Spade Cooley
The End Arrives
Spade Cooley got lucky a second time after his conviction. He could have been assigned to San Quentin. But his physical and emotional state led to a cell at a much less forbidding lockup, the California state prison at Vacaville.
He was a model inmate there, performing with a jailbird band and building fiddles in the prison hobby shop. He found religion and told fellow prisoners that he wanted to become a Billy Graham-style preacher.
By 1965, he had finally begun to show contrition for his crime.
"I was as wrong as any person can possibly be," he said in a prison news interview. "There can be no excuse for beating anyone."
When Ronald Reagan was elected governor in 1966, mutual friends from the B-movie business began lobbying for a pardon or parole for Cooley. Reagan waved the magic wand, and in August 1969 the state parole board unanimously recommended parole for Cooley, effective Feb. 22, 1970 — his 60th birthday.
Four months before his release, Cooley was granted a three-day furlough to perform in Oakland at a benefit concert for the Alameda County Sheriff's Department. He walked onstage to applause from an audience of 3,000 on Nov. 23, 1969. He played three songs, including "San Antonio Rose," which he dedicated to Bob Wills, who had suffered a debilitating stroke.
Cooley then strode into the wings, where he chatted with musician friends and reporters. He said he was looking forward to returning to work but was concerned about whether his fans would welcome him back.
"Sure, they will," somebody said.
Spade smiled.
"I think it's gonna work out for me," he said. "I have the feeling that today is the first day of the rest of my life."
The smile suddenly left his face.
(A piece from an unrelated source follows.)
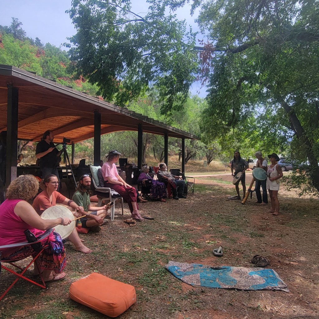 We drum in prayer for what spirit is guiding, for what the earth needs. The vibration of collective drumming reaches from earth to sky.

He dropped his fiddle, grimaced, clutched his chest and fell dead at 59 years of age.
Cooley was buried at Chapel of the Chimes Memorial Park, in Alameda County.
Cooley's children have gone on to lead quiet lives, out of the public eye, and the story of Spade Cooley's rise and fall has been largely forgotten, notwithstanding his Hollywood Walk of Fame star and the dozen or so of his recordings now in print.
That could change soon.
Film star Dennis Quaid wrapped up shooting in early 2005 on a biopic about Spade Cooley.
Tentatively titled Shame on You after Cooley's biggest hit song, the film is scheduled for release in 2006. Quaid stars and directs.
A spokesman explained that Quaid, who performs with his own band, has "had a life-long fascination with fallen musicians."